Even though he couldn’t use his airline ticket, Eric Smith refused to cancel his reservation on a United Airlines flight from Omaha to Baltimore.

The reason? Smith, a technician at an aerospace company in Montgomery Village, ran a few numbers, with frustrating results.

His return ticket cost $134, plus baggage fees. But United’s change fee, which was recently raised from $150 to $200, would have completely zeroed out the value of his credit. So he booked a one-way return flight on Southwest Airlines for $152 — about the same as his original flight, including baggage fees — and never looked back.

“Why should I spend any of my precious time on hold to cancel the ticket when I get absolutely nothing out of it?” he says. “To do the airline a favor? Do you think they would do me any favors?”

No one knows exactly how many passengers pull a no-show when their change fees exceed the value of their ticket credit, deliberately depriving an airline of its ability to resell their seats. But by almost all accounts, their numbers are rising, as airlines continue to raise the price of changing a nonrefundable airline ticket.
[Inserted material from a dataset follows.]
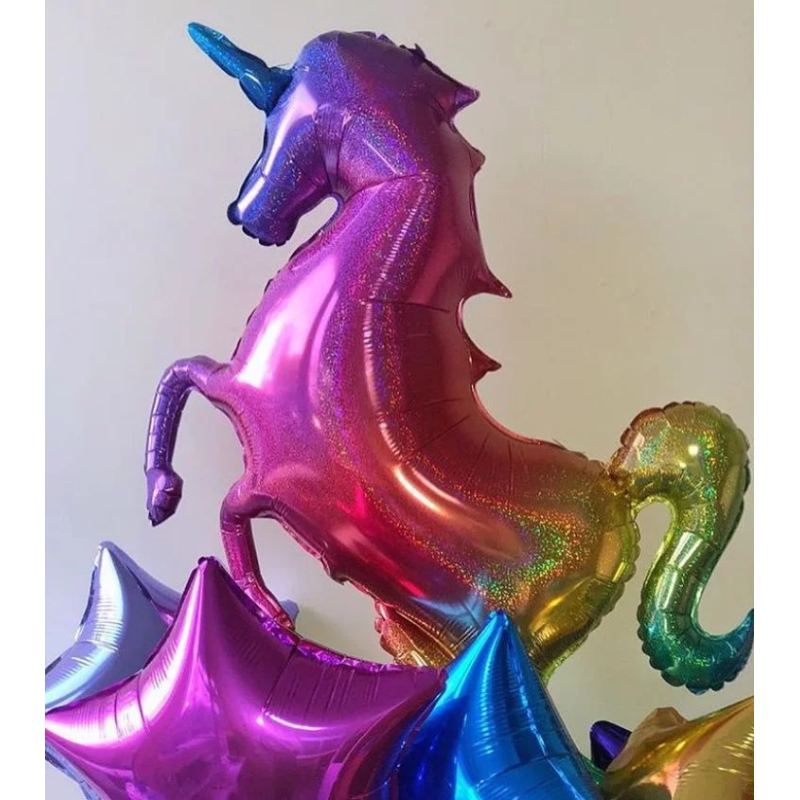 Шар (53''/135 см) Фигура, Сверкающий единорог, Радужный, Голография, 1 шт., 13270

A United Airlines spokesman declined to comment on the subject of intentional no-shows in general, and Smith’s case in particular. But it’s hardly the only airline faced with customers who are angry about elevated change fees.

When Laura Attwood wanted to change her recent ticket on Alaska Airlines from Anchorage to Ketchikan to an earlier flight on the same day, the carrier told her that it would be happy to make the change as long as she paid a $100 fee. She refused, choosing instead to cash in miles for a new flight.

“In fact, I checked in and picked my seat on the flight I wasn’t going to make, and confirmed it,” says Attwood, who lives in Maple Bluff, Wis. “That way, they couldn’t resell my seat. I was so mad that I had to pay a change fee.”

An Alaska Airlines representative acknowledged that the airline experiences deliberate no-shows on some flights, although she wouldn’t say how many. Yet its change fees are far more reasonable than those of other airlines. Alaska charges $75 for an online change and $100 if it’s done through a call center. Effective Oct. 30, its call-center change fee jumps to $125. But any changes made two months before a flight don’t incur any fees.

“It’s an issue for us,” says Marianne Lindsey, a spokeswoman for the airline. “When we experience no-shows, it results in unused seats, which translates to lost revenue.”

The task of ensuring that these strategic absences aren’t felt in the bottom line falls to airlines’ sophisticated revenue-management programs, which are designed to oversell a flight based on a calculation that a certain number of passengers won’t show up.

“On certain fares, and on certain routes, there will be a higher number of no-shows,” says Warren Lieberman, president of the technology consulting firm Veritec Solutions and one of the pioneers in the field of airline revenue management. “If they’re selling tickets for $149, you can predict that more passengers will walk away from the fare, because the change fee is $200.”

But the programs handling airline seat inventory, which are called yield-management systems, don’t need to be reset when change fees increase. Rather, the algorithms are “self-adjusting” and will automatically tweak prices and seat availability to fit passengers’ behavior, says Lieberman. In other words, they already know that passengers like Attwood and Smith won’t make their flights.

Hari Subramanian, a director for Sabre, a travel technology company, says that it’s essential to use these systems to anticipate passenger behavior. “No one is going to come out and say, ‘This is what we’re willing to pay for a ticket,’ ” he says. “Or, ‘We won’t show up for the flight if you do that.’ ”

In the airline industry, this kind of high-tech soothsaying is known as passenger choice modeling. It collects data about passenger behavior, including fares, connections, time of day and the type of traveler, and uses complex mathematical formulas to help airlines determine how many seats they can sell, and at what price. The modeling helps an airline make money.

And airlines are making lots of money from change fees. The domestic airlines collected more than $2.5 billion in ticket-change fees in 2012, according to the U.S. Department of Transportation, up from $2.4 billion a year before.

But perhaps unwittingly, American carriers have also begun playing a cat-and-mouse game with their own customers, in which they raise fees, and passengers in turn try to sabotage the revenue-management systems by walking away from a ticket credit that has been partially or fully consumed by a change fee.

Subramanian says that passengers can avoid the game by making smarter booking choices. The preferred airline solution is to buy a fully refundable ticket. But those fares are typically priced for business travelers on an expense account and can be three to four times as expensive as a nonrefundable ticket.

He recommends looking for a so-called “flexible fare,” which some airlines offer — a special ticket that includes the benefit of waiving certain surcharges and would allow you to change your plans without having to pay a $200 fee.

The long-term solution, of course, is for both sides to practice a little restraint. Already, airlines such as Alaska and JetBlue have shown that there’s some middle ground, and their experience suggests that passengers are willing to accept some fees, as long as they’re reasonable. Southwest Airlines seems to confound even the experts by having no change fees at all.

And what if airlines and their customers can’t come to an understanding? It’s difficult to imagine change fees climbing any further without the government stepping in and saying, “Enough.”